Why are there significant emissions from hydroelectric power

This is because large amounts of carbon tied up in trees and other plants are released when the reservoir is initially flooded and the plants rot. Seasonal changes in water depth mean there is a continuous supply of decaying material. In the dry season plants colonise the banks of the reservoir only to be engulfed when the water level rises. In effect man-made reservoirs convert carbon dioxide in the atmosphere into methane. Claiming that hydro projects are net producers of greenhouse gases is not new New Scientist print edition, 3 June but the issue now appears to be climbing up the political agenda.

Methane production will go unchecked because climate scientists cannot agree on how significant this is; it will also vary between dams. The research, which examines recent studies on greenhouse gas emissions from large reservoirs around the world, also calls into question the wisdom of building more hydroelectric dams as countries try to nix their dependence on coal, natural gas and oil. An estimated 3, new dams are proposed or under construction around the globe, the study reports.

It suggests the hydropower industry will need to control its emissions. But industry officials in the US say the study misrepresents the benefit of hydropower in the fight to rein in global warming.

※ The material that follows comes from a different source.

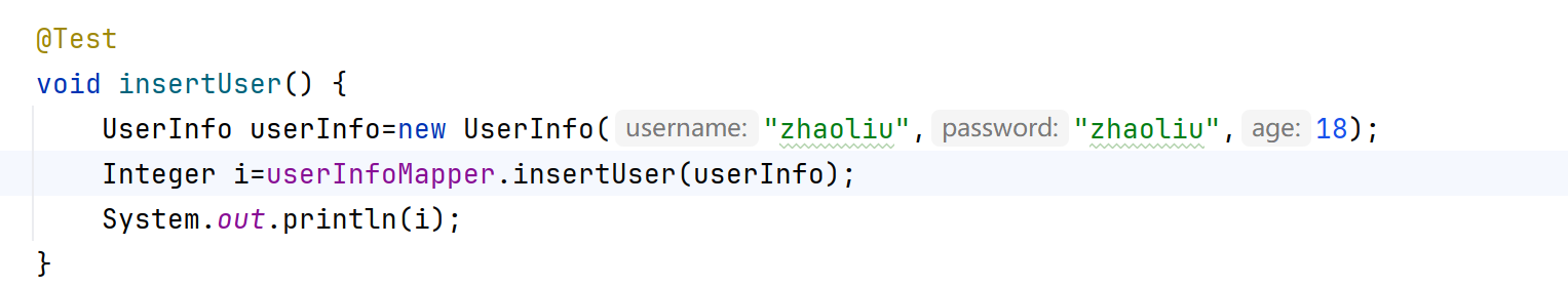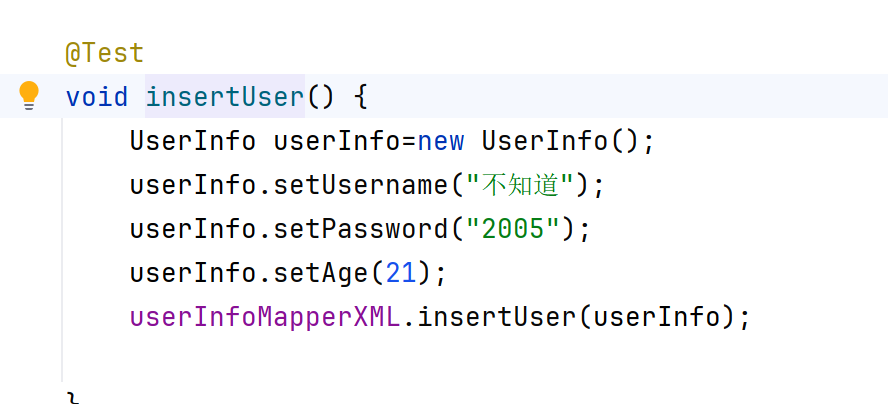 需要注意的是,我们的insert语句,不用写resultType等于啥类型,因为这是插入语句,返回的是插入了几条数据。
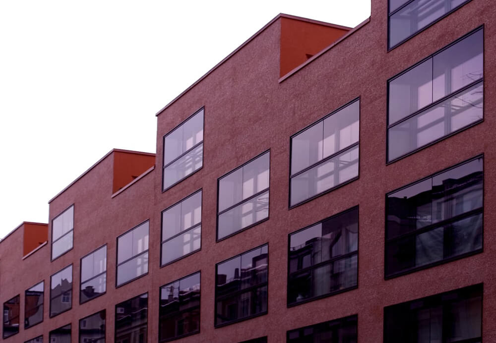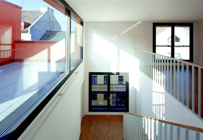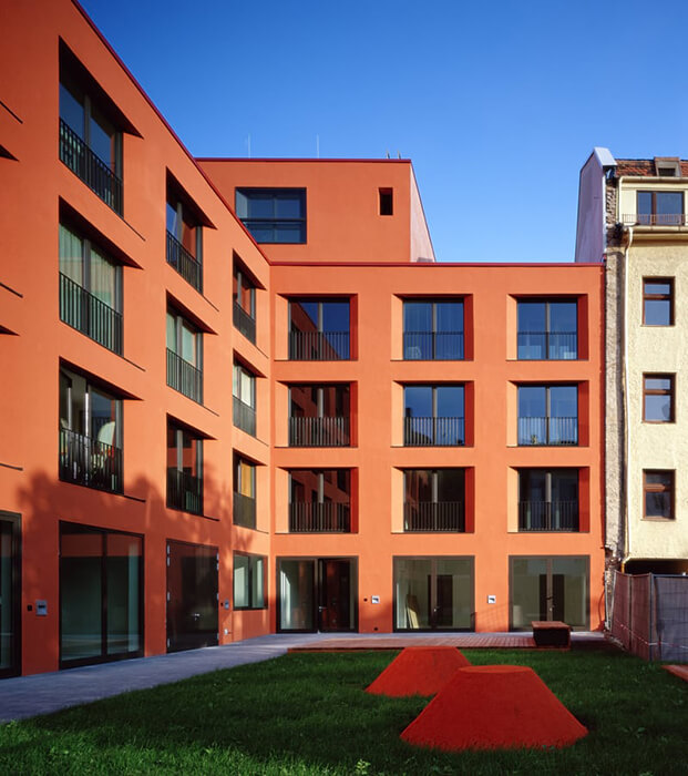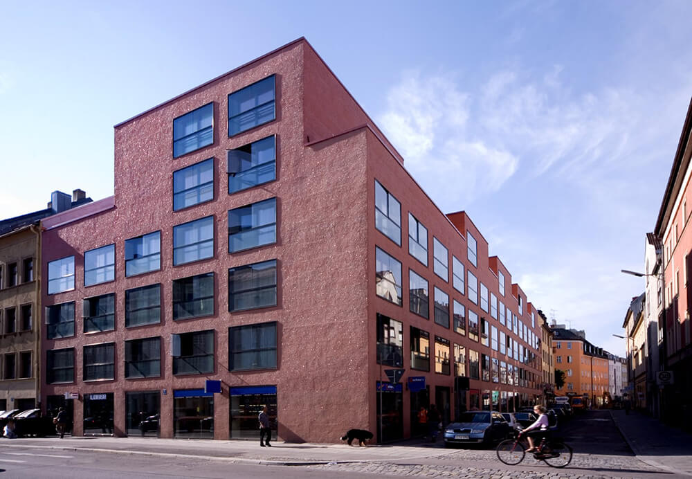 The new construction of this residential and commercial building is an important gesture in Munich’s up-and-coming neighbourhood Westend. The building, with its bright red façade occupies a prominent urban location on a busy street. The building takes the place of five old buildings that used to stand in its area whose conservation was no longer economical. Seven stores, a common room and 23 apartments of different sizes were created. 17 apartments with loggias and six maisonette apartments with double story spaces and roof terraces. Exterior walls and stairway cores are where the load carrying structure of the house is reduced. The entire interior construction consisting of lightweight walls allows for adjustment according to the resident and coming changes in the housing market. The house is fully wheelchair accessible.

Hydropower is often considered a source of renewable electricity because its fuel, water, is constantly replenished by nature. Others are limited to water storage and flood protection duties, and some of them are good candidates for electricity generation, he adds. As recently as a decade ago, little was known about emissions from water storage reservoirs.

But understanding has evolved rapidly. For instance, researchers initially thought shallow reservoirs in tropical regions were the largest emitters because their stored water was more prone to heating up, which could fuel greenhouse gas production.

But analysis by Deemer and her colleagues shows that the latitude and depth of water are not leading factors. The nutrient runoff can be from natural processes or from farming, logging and land development. Using data from the reservoirs, the authors estimate total emissions from all reservoirs worldwide and conclude that those water storage facilities account for 1.

Another new study published by the journal PLOS One reaches similar conclusions, although it finds carbon dioxide to be a bigger share of emissions than methane. After examining data from more than 1, dams worldwide, it identifies the rate of soil erosion into a reservoir as a leading predictor of carbon dioxide emissions.

It would be a grave mistake to continue to finance those with the impression that they were part of the solution to the climate crisis. Edenhofer, R. Pichs-Madruga, Y. Sokona, K. Seyboth, P. Matschoss, S. Kadner, T. Zwickel, P. Eickemeier, G. Hansen, S. We use cookies to improve your experience.

By continuing, you accept our use of cookies. Learn more. Table of Contents. Learn how moving water is converted into electricity in this comprehensive overview, including a discussion of the hydropower resource, its environmental and societal impacts, and the potential for future expansion of hydroelectic energy.

Land use. Renewable energy—wind, solar, geothermal, hydroelectric, and biomass—provides substantial benefits for our climate, our health, and our economy. Land use The size of the reservoir created by a hydroelectric project can vary widely, depending largely on the size of the hydroelectric generators and the topography of the land. Wildlife impacts. Wildlife impacts Dammed reservoirs are used for multiple purposes, such as agricultural irrigation, flood control, and recreation, so not all wildlife impacts associated with dams can be directly attributed to hydroelectric power.

Life-cycle global warming emissions. References: [1] Fearnside, Phillip M.